Problem to work on: The part to set down runs from the first line of the data below through the line with "在检查的同时,文其明结合工厂", inclusive; write it exactly and leave out the pictures.

Source material:
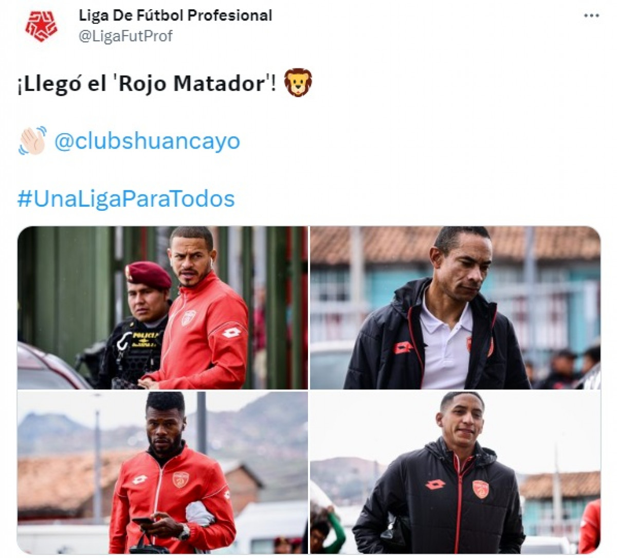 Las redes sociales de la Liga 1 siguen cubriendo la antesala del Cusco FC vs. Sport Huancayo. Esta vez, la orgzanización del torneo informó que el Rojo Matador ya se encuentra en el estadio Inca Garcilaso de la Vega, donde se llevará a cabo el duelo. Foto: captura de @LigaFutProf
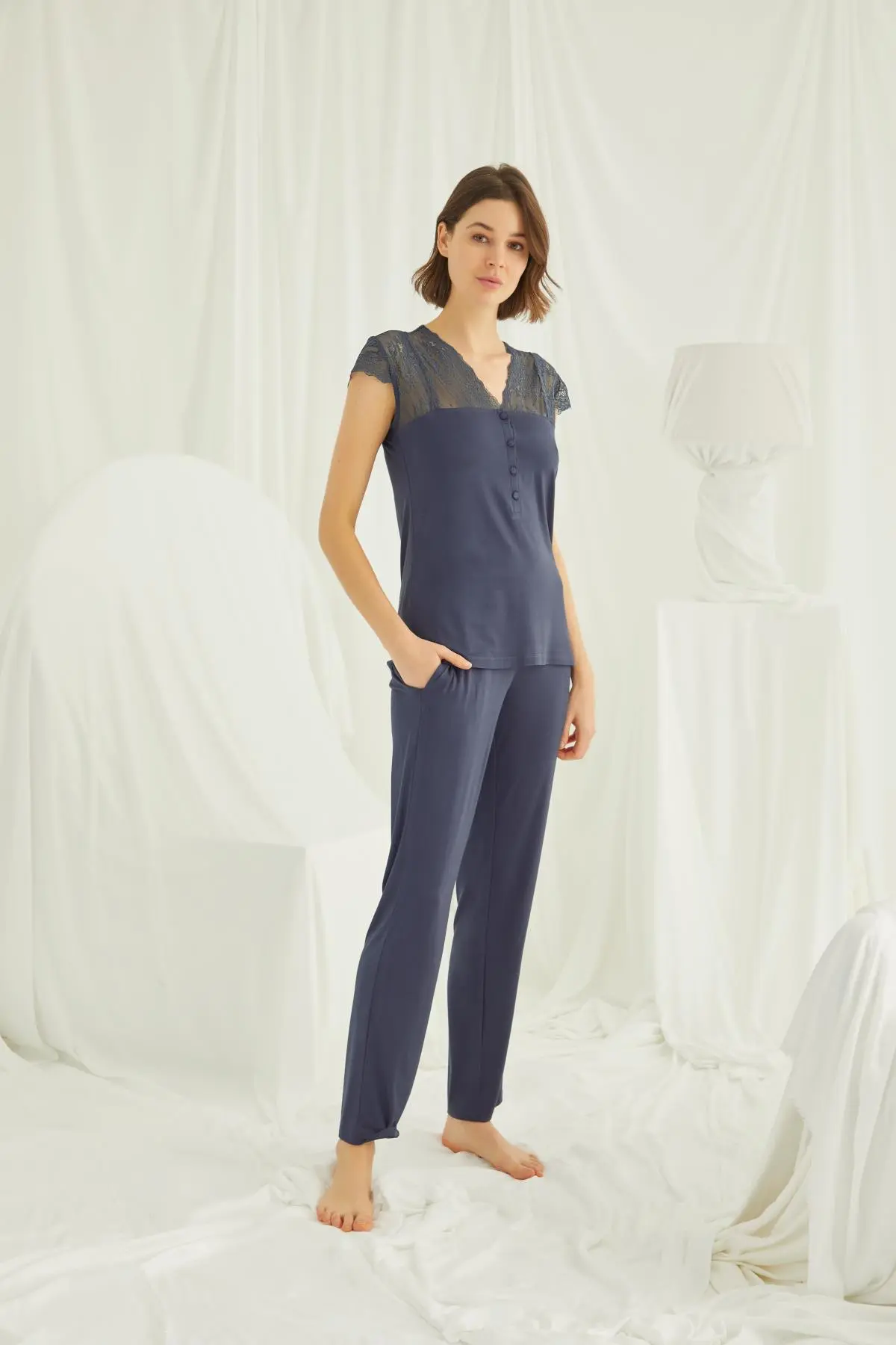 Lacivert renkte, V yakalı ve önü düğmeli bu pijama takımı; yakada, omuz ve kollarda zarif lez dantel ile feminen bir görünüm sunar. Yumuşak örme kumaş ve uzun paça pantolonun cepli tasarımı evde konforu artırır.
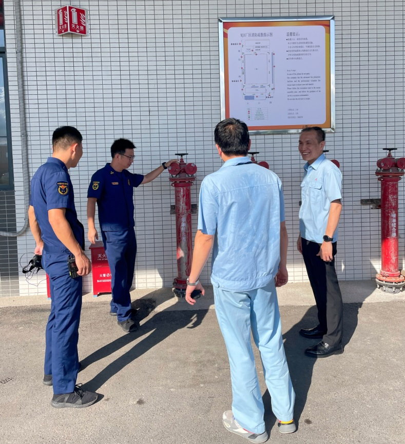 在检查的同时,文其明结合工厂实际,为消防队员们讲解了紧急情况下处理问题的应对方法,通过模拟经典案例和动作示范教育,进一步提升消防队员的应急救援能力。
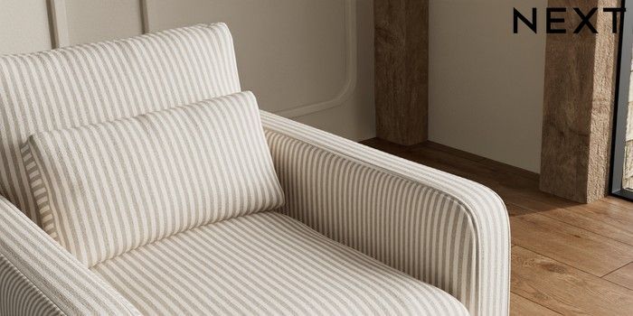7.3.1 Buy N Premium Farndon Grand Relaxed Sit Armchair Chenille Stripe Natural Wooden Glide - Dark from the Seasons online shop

Reply to the exercise:
 Las redes sociales de la Liga 1 siguen cubriendo la antesala del Cusco FC vs. Sport Huancayo. Esta vez, la orgzanización del torneo informó que el Rojo Matador ya se encuentra en el estadio Inca Garcilaso de la Vega, donde se llevará a cabo el duelo. Foto: captura de @LigaFutProf
 Lacivert renkte, V yakalı ve önü düğmeli bu pijama takımı; yakada, omuz ve kollarda zarif lez dantel ile feminen bir görünüm sunar. Yumuşak örme kumaş ve uzun paça pantolonun cepli tasarımı evde konforu artırır.
 在检查的同时,文其明结合工厂实际,为消防队员们讲解了紧急情况下处理问题的应对方法,通过模拟经典案例和动作示范教育,进一步提升消防队员的应急救援能力。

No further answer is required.